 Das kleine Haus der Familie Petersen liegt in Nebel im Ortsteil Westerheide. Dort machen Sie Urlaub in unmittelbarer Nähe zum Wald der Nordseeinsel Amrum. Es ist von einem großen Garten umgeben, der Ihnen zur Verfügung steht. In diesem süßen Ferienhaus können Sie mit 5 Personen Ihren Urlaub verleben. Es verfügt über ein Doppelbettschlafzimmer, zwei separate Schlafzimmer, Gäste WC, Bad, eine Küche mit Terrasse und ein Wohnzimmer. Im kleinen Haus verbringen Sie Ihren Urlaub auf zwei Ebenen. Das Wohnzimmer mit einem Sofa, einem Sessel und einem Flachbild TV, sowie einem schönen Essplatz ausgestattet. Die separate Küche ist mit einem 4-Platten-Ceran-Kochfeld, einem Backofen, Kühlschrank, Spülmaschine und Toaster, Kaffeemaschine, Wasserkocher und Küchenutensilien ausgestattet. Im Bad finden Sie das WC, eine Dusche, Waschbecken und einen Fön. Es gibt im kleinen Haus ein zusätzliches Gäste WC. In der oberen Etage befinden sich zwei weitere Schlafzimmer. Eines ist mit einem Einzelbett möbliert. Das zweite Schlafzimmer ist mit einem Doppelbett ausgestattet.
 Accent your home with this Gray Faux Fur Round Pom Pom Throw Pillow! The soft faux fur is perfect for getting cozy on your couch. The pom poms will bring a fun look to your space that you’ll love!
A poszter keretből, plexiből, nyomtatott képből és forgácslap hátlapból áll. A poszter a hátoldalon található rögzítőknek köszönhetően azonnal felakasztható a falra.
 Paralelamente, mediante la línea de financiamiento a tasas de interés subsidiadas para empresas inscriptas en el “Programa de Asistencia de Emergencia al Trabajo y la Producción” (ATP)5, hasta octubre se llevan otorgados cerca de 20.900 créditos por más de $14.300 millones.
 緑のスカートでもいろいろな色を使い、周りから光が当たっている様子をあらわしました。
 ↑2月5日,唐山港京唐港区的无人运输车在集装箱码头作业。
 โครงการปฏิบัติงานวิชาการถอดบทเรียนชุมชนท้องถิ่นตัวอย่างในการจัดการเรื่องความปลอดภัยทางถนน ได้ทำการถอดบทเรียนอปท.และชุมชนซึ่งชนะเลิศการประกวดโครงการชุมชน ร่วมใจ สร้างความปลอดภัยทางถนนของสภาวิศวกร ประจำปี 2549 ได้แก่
***
*YOUR OBJECTIVE*:
Begin with the line that contains "A poszter keretből, plexiből, nyomtatott" and end with the last line of the data. Repeat those two lines and all between them exactly.

*EXERCISE ANSWER*:
A poszter keretből, plexiből, nyomtatott képből és forgácslap hátlapból áll. A poszter a hátoldalon található rögzítőknek köszönhetően azonnal felakasztható a falra.
 Paralelamente, mediante la línea de financiamiento a tasas de interés subsidiadas para empresas inscriptas en el “Programa de Asistencia de Emergencia al Trabajo y la Producción” (ATP)5, hasta octubre se llevan otorgados cerca de 20.900 créditos por más de $14.300 millones.
 緑のスカートでもいろいろな色を使い、周りから光が当たっている様子をあらわしました。
 ↑2月5日,唐山港京唐港区的无人运输车在集装箱码头作业。
 โครงการปฏิบัติงานวิชาการถอดบทเรียนชุมชนท้องถิ่นตัวอย่างในการจัดการเรื่องความปลอดภัยทางถนน ได้ทำการถอดบทเรียนอปท.และชุมชนซึ่งชนะเลิศการประกวดโครงการชุมชน ร่วมใจ สร้างความปลอดภัยทางถนนของสภาวิศวกร ประจำปี 2549 ได้แก่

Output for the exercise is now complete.